I remember waking up on the morning of September 11th, 2001. A guy on sports talk radio mentioned something about how a plane had crashed into the World Trade Center and now possibly the Pentagon, also? In those days, I could listen to the radio for an hour without being compelled to actually rise and begin the day but on that day, this news was enough. I went straight to the living room and turned on the tv.

I sat on my couch, my back to my main window, watching the tv and wondering if I would hear bombers or bombs coming down into the San Gabriel Valley from over the tops of our mountains behind me. Unlike others, I believed. I believed everything I saw and like everyone I knew, I was sad, but for different reasons.

I was sad for those who were dying behind the smoke in front of my eyes on my television screen but also for the bad omen this "attack," represented. President Bush had cozened his way into office. This at the very least, (on the back of an antiquated electoral college system,) considering even he agreed he lost the popular vote. I knew this event would grant him license.

I am not a genius for realizing this-I know many understood it immediately, (though we were all kind of silenced in public about it.) But I knew the fear this event would place in the hearts of my countrymen, and men the planet over, would pave the way for an agenda of greed and corruption the likes of which I guessed the world had not before seen.

My thoughts at that time were conjecture. The manifestations of those thoughts today, are fact. (I could enumerate the evidence but in the interest of limiting this entry, I'll trust you either know or can find plenty of evidence at most any news or information outlet.)

All of this brings me to the idea of conspiracy theories related to the events of 9/11 and the obvious question, is a conspiracy theory by definition a falsehood? Noam Chomsky has said the phrase "conspiracy theory," is used most often to discourage institutional analysis. The idea that a thing could be a conspiracy theory is meant to dismiss that thing, render it on some acceptable level impotent.

If you click on the words "Loose Change," at the top of this blog entry, you will be directed to a site where you can view the movie Loose Change.

This movie is a documentary about the mother of all conspiracy theories. (Credit to Mark Morford of the San Francisco Chronicle for bringing it to my attention.) Loose Change has the audacity to more than suggest the crime that was 9/11 was perpetrated by people other than those we were told executed it. And, the movie has merit.

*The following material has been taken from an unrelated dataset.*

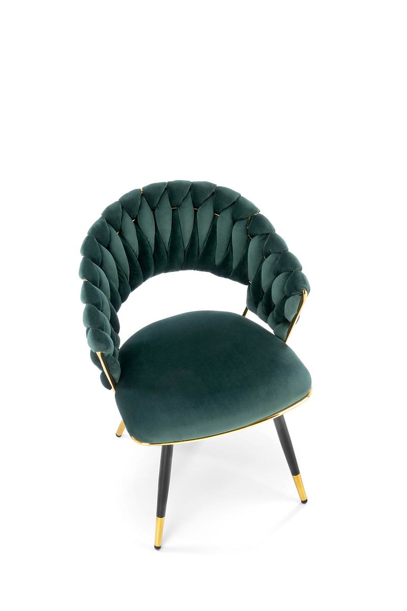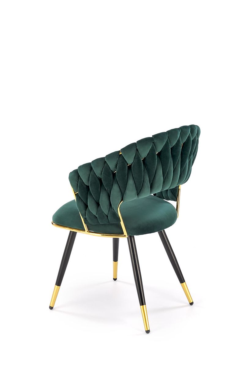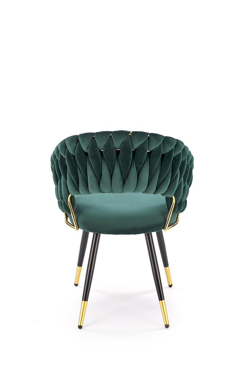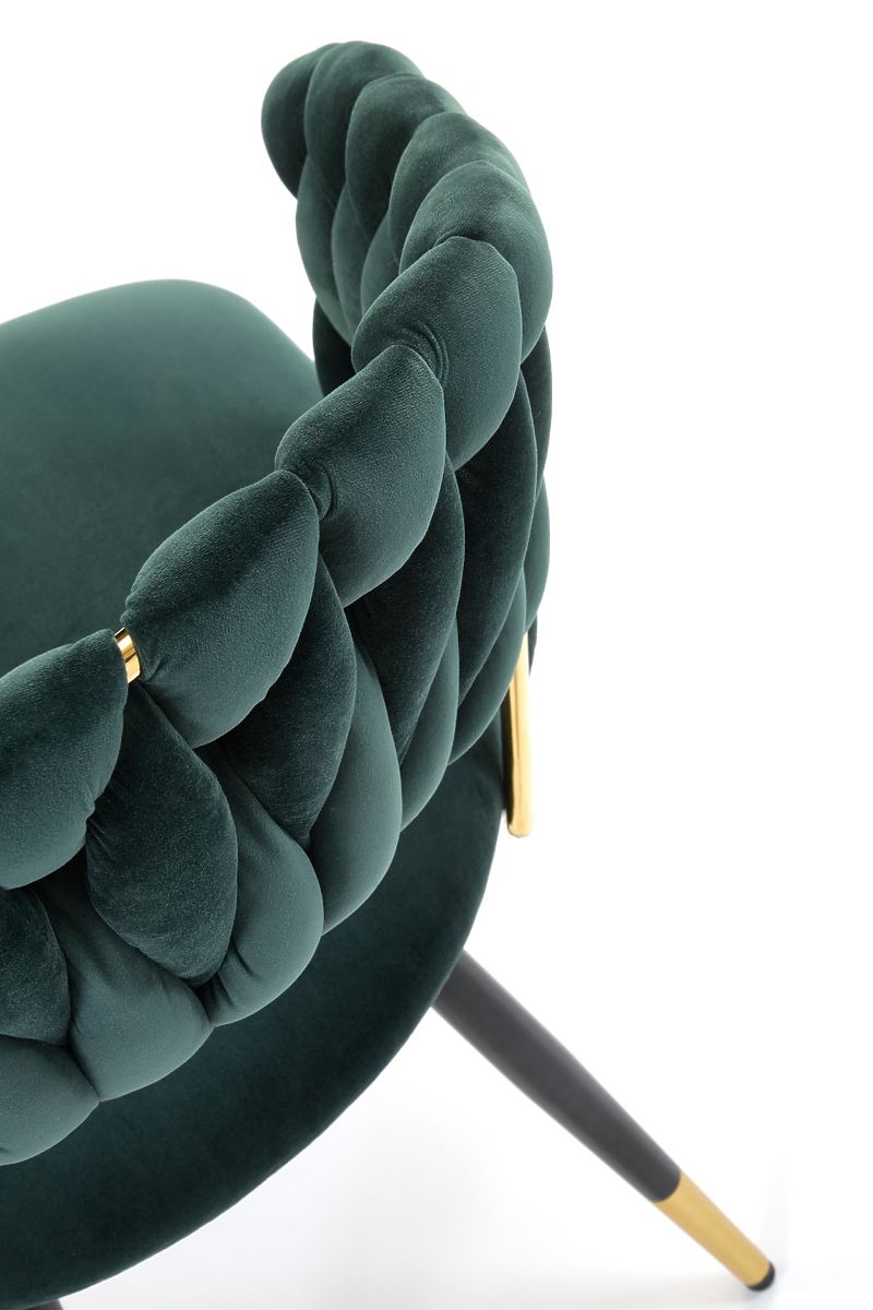 Dark green velvet chair with gold accents. .. more

I can't know what theories presented in the movie may or may not be true so personally, i don't see a point in taking a definitive stand on its veracity. Rather, I recognize what is important about the movie. It quite clearly illustrates and points out the fact that our government has become far too secretive, (secrecy being the cornerstone of all tyrrany.)

This movie, and indeed all that we know as "9/11," needs institutional analysis. Not like the Warren Commission wherein the findings remain secret even after they were scheduled to be revealed, (the secrecy being in the "national interest," in the first place.) There can be no national interest in this case greater than our need to know, our need to find a way to trust our government, again.